After much searching, she found the stone of curious shape wrapped in soft leather, which her old friend said she could use to rub the stone with.

Betty again set to work with a will, but rub as hard as she could, no rubbing seemed to affect the blackness of the stone, and at the end of a week it seemed blacker than ever. She was much troubled at this, and the Wise Woman, who read her thoughts, told her not to despair, as its blacker blackness was a sign that all would be well, and that she was in a fair way of getting wings to fly up the witch’s stairs.

‘How?’ was on Betty’s lips, but a warning look from the Wise Woman’s wonderful bright eyes made the question die unspoken.

For many a week longer the girl rubbed the sable stone—patiently and quietly most of the time, but there were days when she felt like throwing the stone out of the window and running away home to her mother. But pity for her poor little friends shut up in the witch’s chamber made her persevere with her task.

One day, when she was almost worn out with rubbing, she saw a faint glow come into the stone, which, as she rubbed harder and quicker than ever, grew brighter and brighter, until it lay in her hand as red as a poppy.

‘The stone is all afire!’ she cried, taking it to the Wise Woman.

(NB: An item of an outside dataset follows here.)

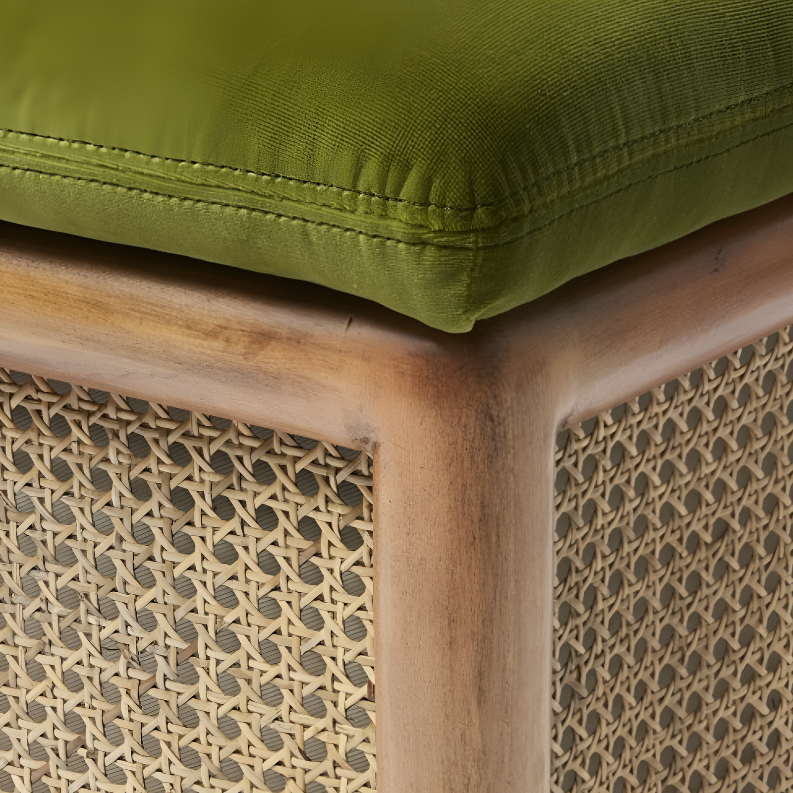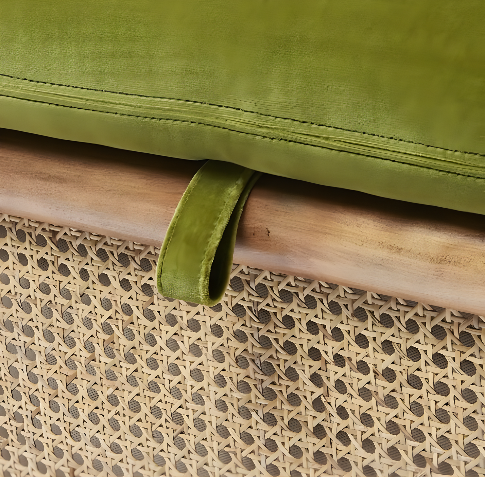 Featuring a gracefully curved design crafted from high-quality wood, the urban Rattan Seater Ottoman stands out as a stylish storage solution for your living area. Wrapped in luxurious green velvet upholstery, this generous ottoman is adorned with intricately cutout rattan cane detailing, adding a touch of sophistication to your space.
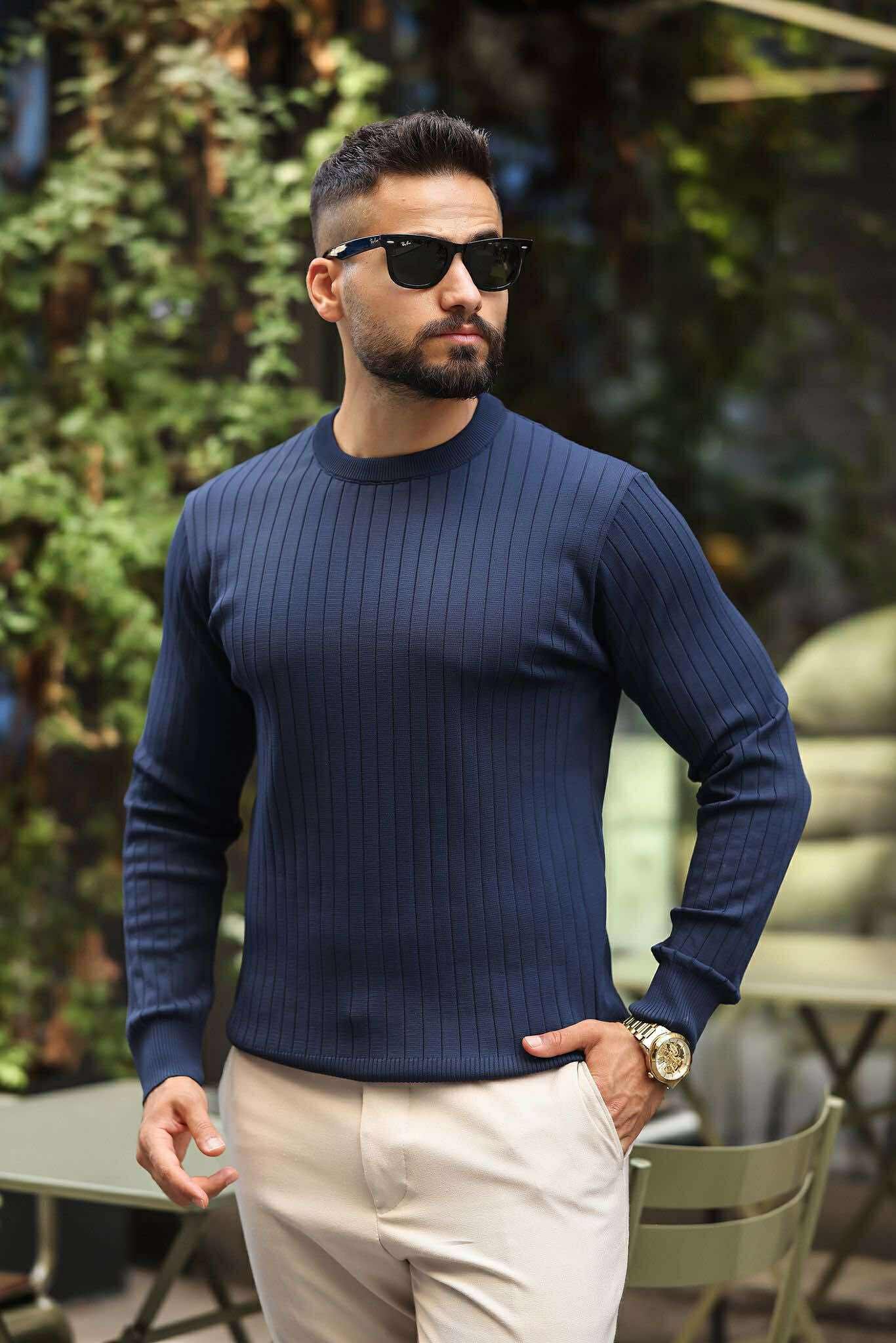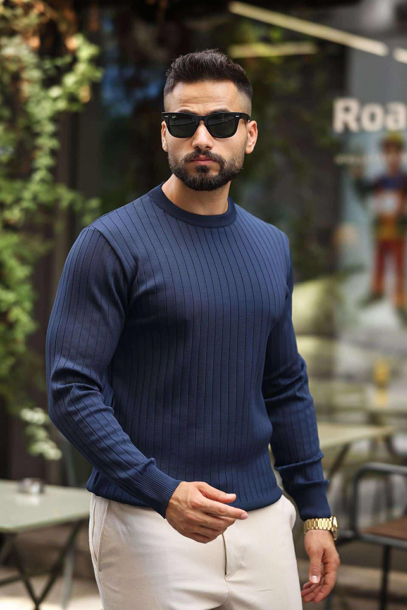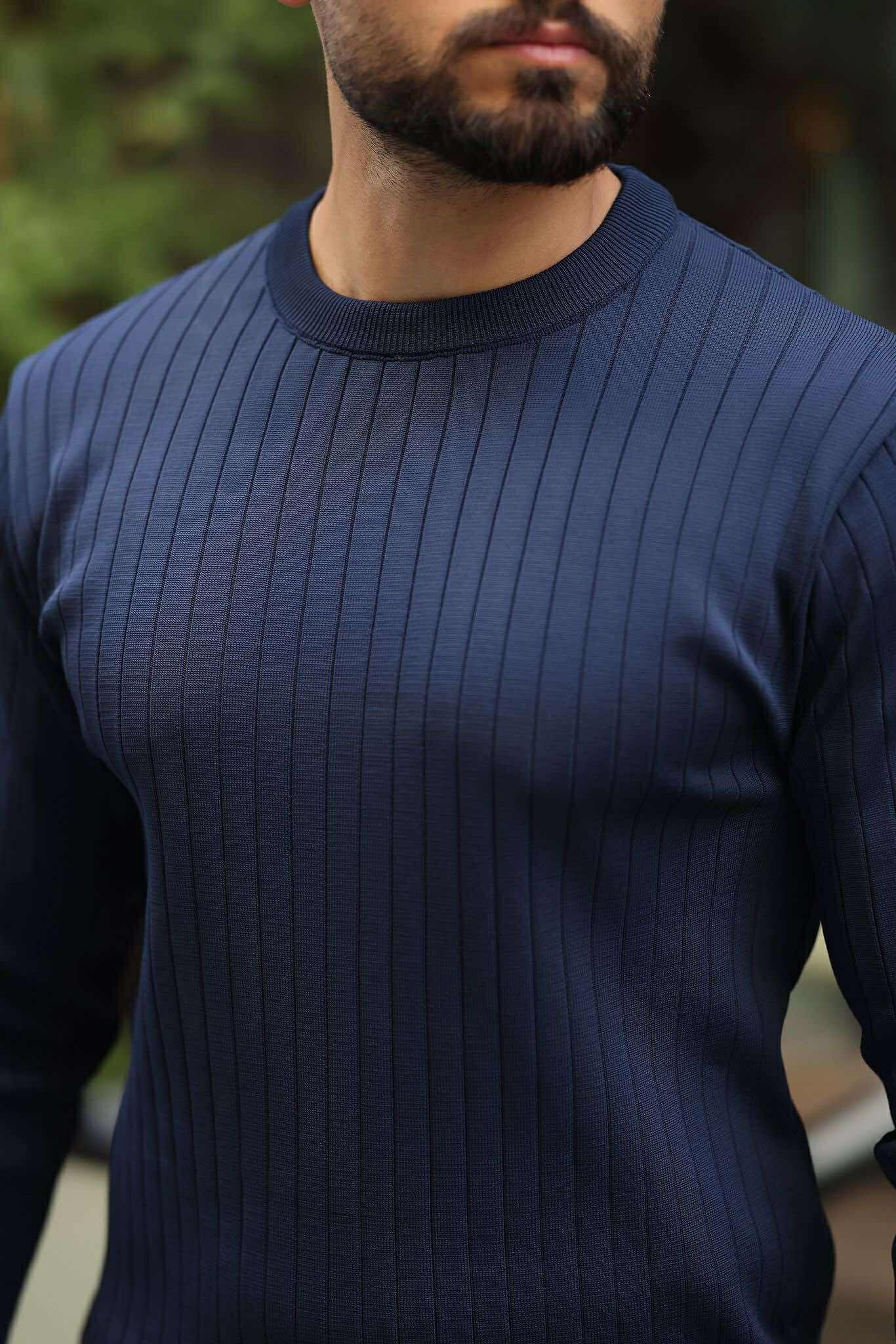 Kjo bluzë slimfit në ngjyrë blu navy është një zgjedhje ideale për një pamje moderne dhe elegante. Vijat vertikale krijojnë një efekt vizual që zgjat siluetën, ndërsa materiali cilësor ofron komoditet dhe freski gjatë gjithë ditës. Dizajni minimalist, por me prekje premium, e bën këtë bluzë të kombinohet lehtë me pantallona të çelëta ose të errëta, duke shtuar stil në çdo dalje.

‘It is the colour of life at last,’ said the ancient dame, gazing at it with her wonderful bright eyes; ‘and another spell loosened to the witch’s undoing,’ she muttered, half to herself. And noticing that Betty was listening with all her ears, she told the child to look in the settle for a box, and when she had found it to put it on the table and lay the stone within it.

There was only one box in the settle, which, though small, was most exquisitely carved all over with wings—wing interlacing wing—and as Betty set it on the table and put the stone into it, she thought she had never seen such a lovely box.

The next morning, when she awoke, she saw the Wise Woman at the door of the hut with the stone in her hand, and she heard her chanting: ‘Go the way thy sisters went—the way of the west wind, and ask the King of the Wee Folk to give thee permission to help in the undoing of an evil wrought by the Witch o’ the Well;’ and Betty, staring with all her eyes, saw the ancient dame fling the stone out on to the down, along which it rolled at a rapid rate, burning as it went with a rosy splendour. It went the way the feathers had gone.

Betty dressed quickly, and busied herself about the hut, to keep herself from asking if the stone was really a stone, for she did not believe it was, and she ached to know.